Marcy: And it’s only internal to your site. So it’s not going off and trying to fetch things on other websites. But it seems to work pretty well. I know some users are actively looking for ways, like you actually have to opt out of some of these things. At least routing, not using the pre-fetching. You just use regular anchor tags. And then you don’t really get that functionality. It’s pretty easy to use something else. But some of the discussions we’re having are around client side routing, and how to make that the best it can be. And so, that’s a really interesting space too.

Drew: How closely do you have to work within the Gatsby ecosystem in terms of if I wanted to have my own link component? Would that be completely fine, I wouldn’t be fighting against Gatsby to do that sort of thing?

Marcy: No, you could slot in whatever components you want, as long as they work with the React runtime. That’s really the beauty of it. Anything you could put in a React app, you could put in a Gatsby app. There’s even a pre-React plugin. So, there are some alternatives to working with Gatsby. But I love how you can pull in whatever, off the shelf components that you want to use or write your own.

Marcy: And I think that flexibility is what people really enjoy. There is the caveat of it uses the React runtime. And so, you have to be okay with using react or using this pre-React plugin. But personally, I really like react and JSX for working with accessibility and templates, especially with React hooks. So, being able to use the hut in my Gatsby site is just so cool. I really like it.

Drew: And how’s the process of building a Gatsby site that’s presumably a node module that you can just install and you would do a build like you would with any other static site generator?

Marcy: Yes. There is a CLI that you install globally. And I guess it’s whether you want to install it globally. That’s what we recommend, because then you can run it from any directory on your computer, but it will pull down whatever you need to build a Gatsby site. And then you can add on, say you wanted to use WordPress as a headless CMS or some other content source.

Marcy: You can install packages, plugins to make that work, and then integrate it with your site. There’s also some starters and themes that you can use to get up and running quicker. I’ve used those if I want to test out something or start a site rapidly for a specific integration like Drupal or prismic or whichever CMS or eCommerce solution or something I want to use.

Marcy: There’s lots of examples. So you’re not always tinkering with trial and error trying to figure it out, but it’s sort of these building blocks that you can piece together and create… It’s what we call the content mesh. And so, you can use these best in breed integrations to create a site instead of, if I had a classic WordPress site, the authoring experience and working with teams is really great.

Marcy: But there were shortcomings in the front end, like how it would work on a mobile device. What else? If I wanted an eCommerce solution? I think there’re some things that are easier to do these days, but being able to pick whichever kind of best solutions you want for authentication, or whatever that modern thing is, you’re like, “I wish I could use that.” With Gatsby, you can pull a lot of these things together and make this content mesh way of building that’s pretty refreshing.

Marcy: Especially when you can still use those integrations like WordPress and still work with teams. So, we’re pretty excited about this new way of working where you can pick all the technologies that you’ve like, or that work for your team.

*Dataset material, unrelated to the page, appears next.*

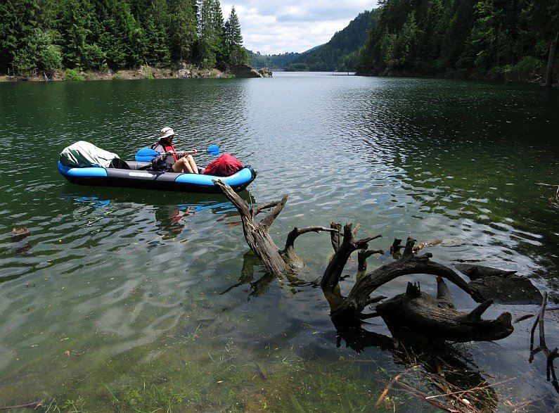 Besides, there are no other places to go to shore, the banks are steep and wooded. If you want to continue to the end of the lake, on the main arm, you still have to go on for 5 km.

Drew: One of the big features that Gatsby has tout strongly is this ability to pull in data or content from a variety of different sources. You mentioned things like WordPress and Drupal, and what have you. Traditionally, if I was using something like Jekyll or Eleventy, or something like that, I would need to wire up that myself to interact with API’s, perhaps pull content down and write it into markdown files or JSON files, and then have the generator work with those files.

Drew: So it would be a sort of two step process, could use something like source bit, which we covered on a previous episode that does that sort of thing? Do I understand rightly that Gatsby has just this native ability to consume different sources in a way that other static site generators, just don’t?

Marcy: I think what makes Gatsby really strong in this area is its GraphQL data layer, and the plugin ecosystem. So, chances are someone has already written a plugin for whatever data source you’d be looking to build. And if not, there’s probably something close. But using GraphQL, is kind of the under workings of it. The layer that makes all of these integrations possible is using GraphQL.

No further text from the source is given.